[Data records]

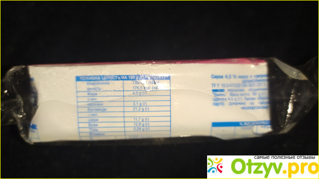 Творожок натуральный молочный, он просто сладкий и с ванильным ароматом, без растительного масла и вредных добавок. Жирность хорошая, 4,5%. Творожок нежный, вкусный и сытный.
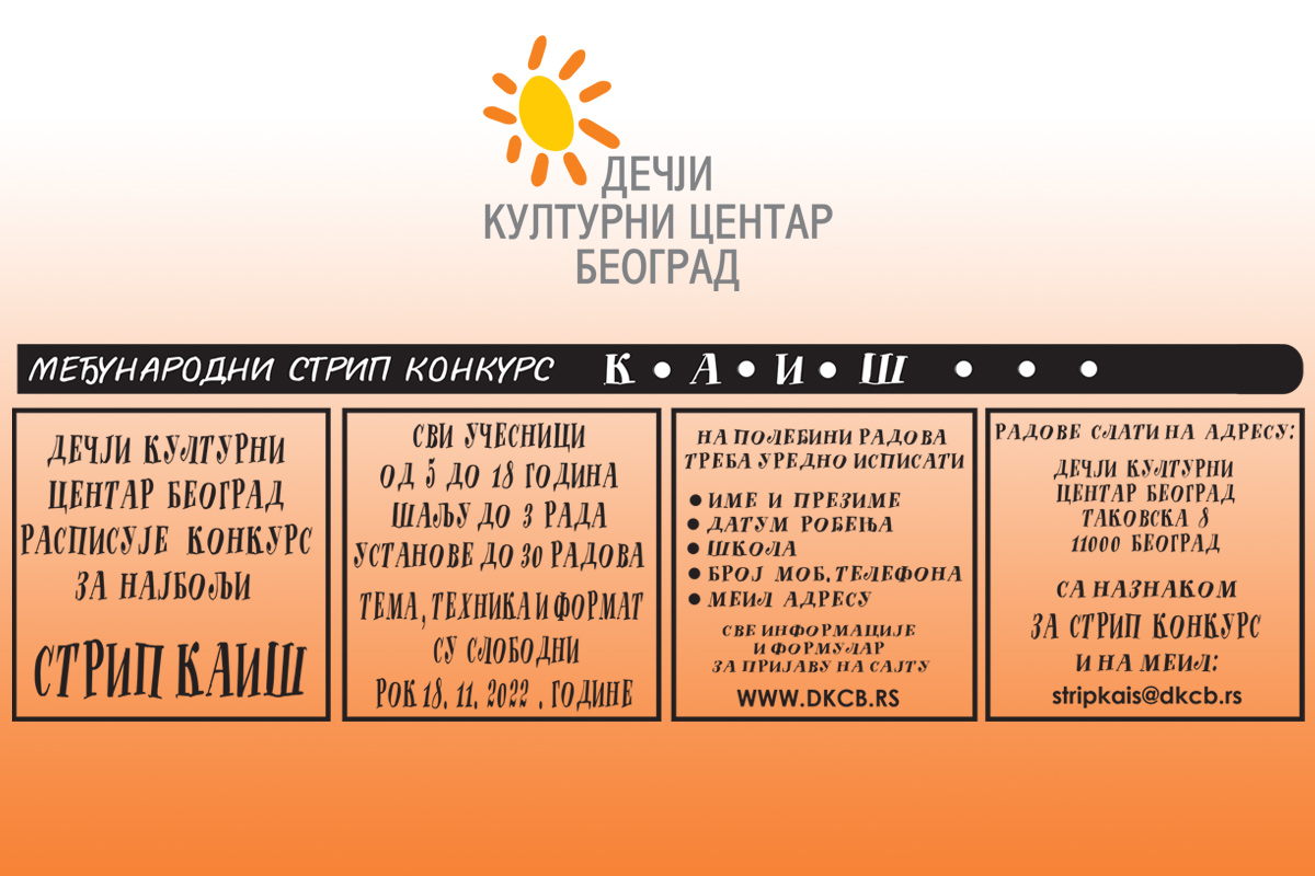У петак 17. јуна у Дечјем културном центру Нови Сад биће отворена изложба селектованих радова Међународног конкурса СТРИП КАИШ. Жеља нам је да представимо радове деце и младих узраста од од 5 до 18 година […]
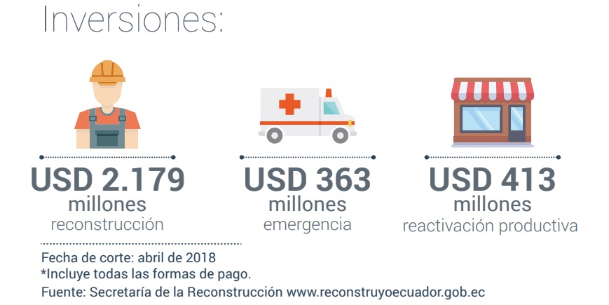 Por su parte, El Comité de Reconstrucción y Reactivación Económica, detalló que hasta el 30 de junio del 2017 los fondos recaudados por la Ley de Solidaridad y Corresponsabilidad Ciudadana superaron los $1.555 millones por contribuciones solidarias. Los fondos recaudados habrían permitido ejecutar proyectos para la construcción de viviendas, reconstrucción de infraestructura educativa, hospitalaria, eléctrica, agua potable y saneamiento ambiental, vialidad, regeneración urbana de las ciudades devastadas, obras y créditos para la reactivación productiva, entre otros.
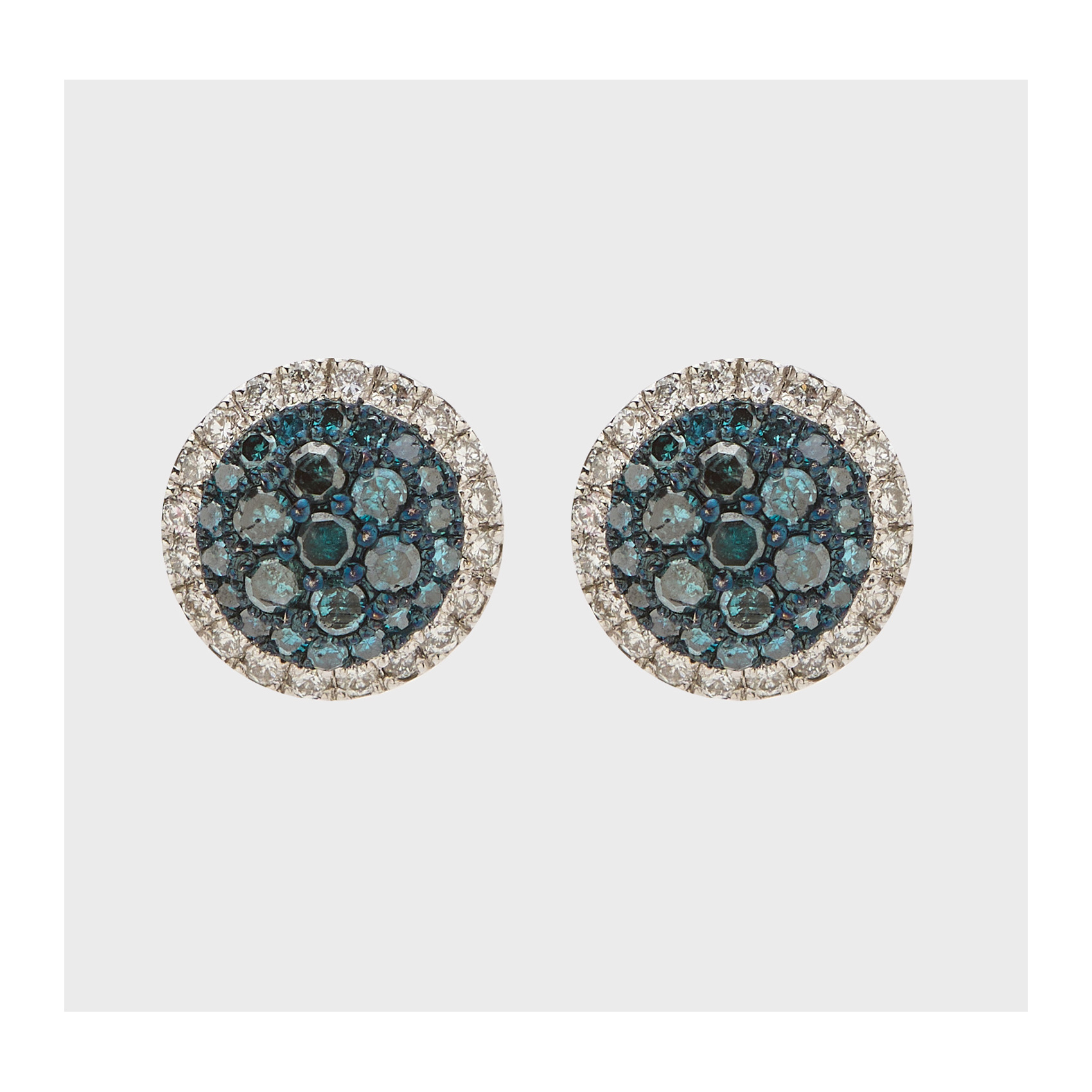Pendientes diseño circular en oro blanco con centro de zafiros azules talla redonda y orlados por diamantes talla brillante.
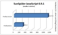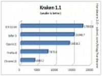 本次测试主要进行了以下几项:测试内容 注释 SunSpider JavaScript 0.9.1 一项由Mozilla开发的JavaScript基准测试组件; V8 Benchmark Suite 一项由Google开发的JavaScript基准测试组件,测试V8 JavaScript引擎; raken 1.1 Mozilla开发的另一项JavaScript测试组件。
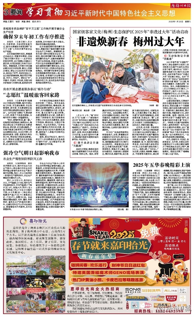 本报讯 (记者赖锋 特约记者曾文敏 周扬)1月24日晚,五华县2025年春节联欢晚会(以下简称“五华春晚”)在该县长乐公园书卷舞台精彩上演,为全县150万群众献上一场具有浓郁特色的文化盛宴,送上新春美好祝福。
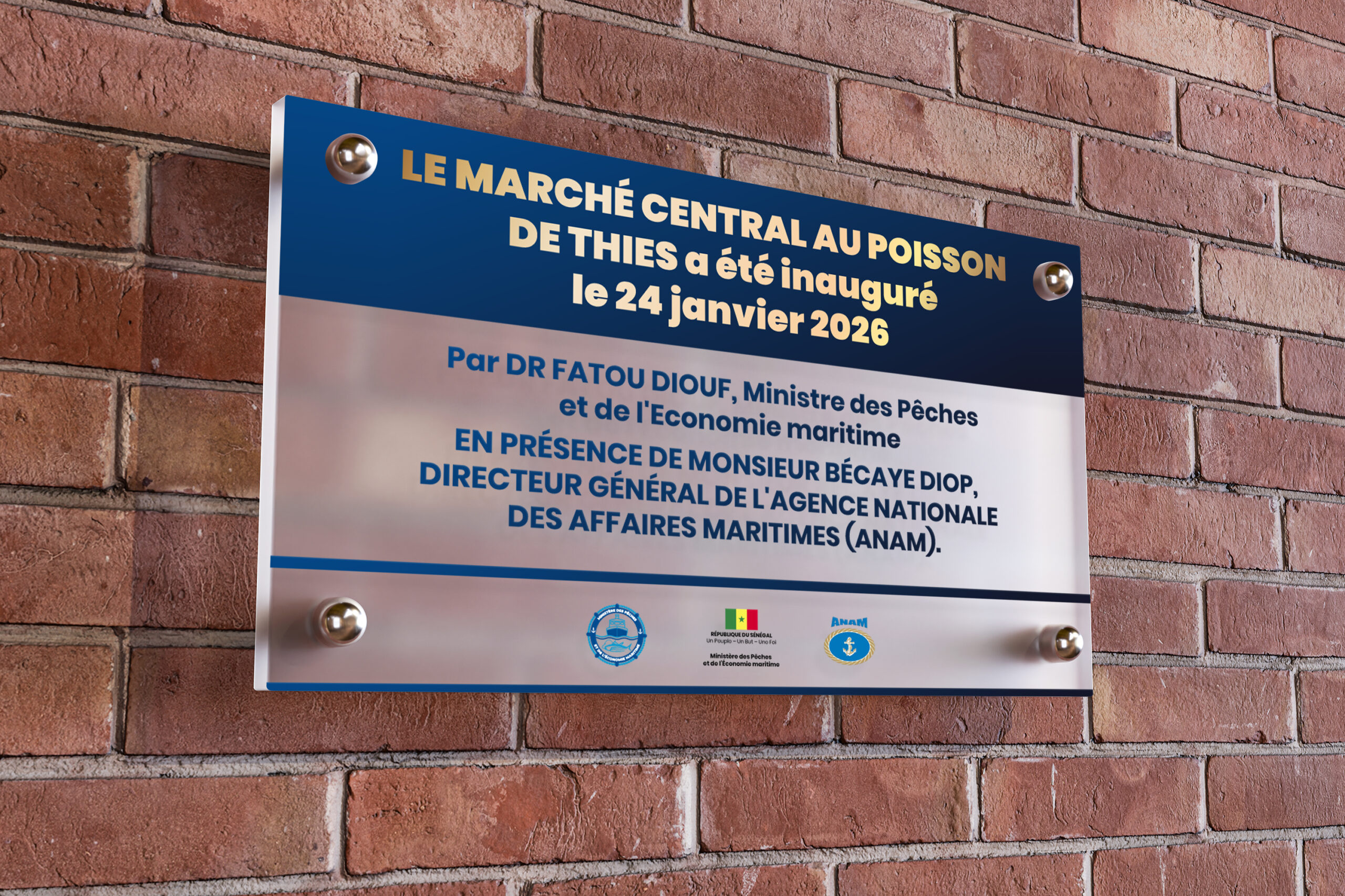 Ce support se présente sous forme d’une plaque inaugurale murale, conçue pour marquer un événement officiel. La composition repose sur une structure claire avec un bandeau titre, un contenu central et des logos institutionnels en pied. Les fixations apparentes et la finition rigide confèrent au support une dimension durable, solennelle et représentative.

What you should do —
Exactly as written, copy the entries above without their pictures.

Solution to the exercise —
 Творожок натуральный молочный, он просто сладкий и с ванильным ароматом, без растительного масла и вредных добавок. Жирность хорошая, 4,5%. Творожок нежный, вкусный и сытный.
У петак 17. јуна у Дечјем културном центру Нови Сад биће отворена изложба селектованих радова Међународног конкурса СТРИП КАИШ. Жеља нам је да представимо радове деце и младих узраста од од 5 до 18 година […]
 Por su parte, El Comité de Reconstrucción y Reactivación Económica, detalló que hasta el 30 de junio del 2017 los fondos recaudados por la Ley de Solidaridad y Corresponsabilidad Ciudadana superaron los $1.555 millones por contribuciones solidarias. Los fondos recaudados habrían permitido ejecutar proyectos para la construcción de viviendas, reconstrucción de infraestructura educativa, hospitalaria, eléctrica, agua potable y saneamiento ambiental, vialidad, regeneración urbana de las ciudades devastadas, obras y créditos para la reactivación productiva, entre otros.
Pendientes diseño circular en oro blanco con centro de zafiros azules talla redonda y orlados por diamantes talla brillante.
 本次测试主要进行了以下几项:测试内容 注释 SunSpider JavaScript 0.9.1 一项由Mozilla开发的JavaScript基准测试组件; V8 Benchmark Suite 一项由Google开发的JavaScript基准测试组件,测试V8 JavaScript引擎; raken 1.1 Mozilla开发的另一项JavaScript测试组件。
 本报讯 (记者赖锋 特约记者曾文敏 周扬)1月24日晚,五华县2025年春节联欢晚会(以下简称“五华春晚”)在该县长乐公园书卷舞台精彩上演,为全县150万群众献上一场具有浓郁特色的文化盛宴,送上新春美好祝福。
 Ce support se présente sous forme d’une plaque inaugurale murale, conçue pour marquer un événement officiel. La composition repose sur une structure claire avec un bandeau titre, un contenu central et des logos institutionnels en pied. Les fixations apparentes et la finition rigide confèrent au support une dimension durable, solennelle et représentative.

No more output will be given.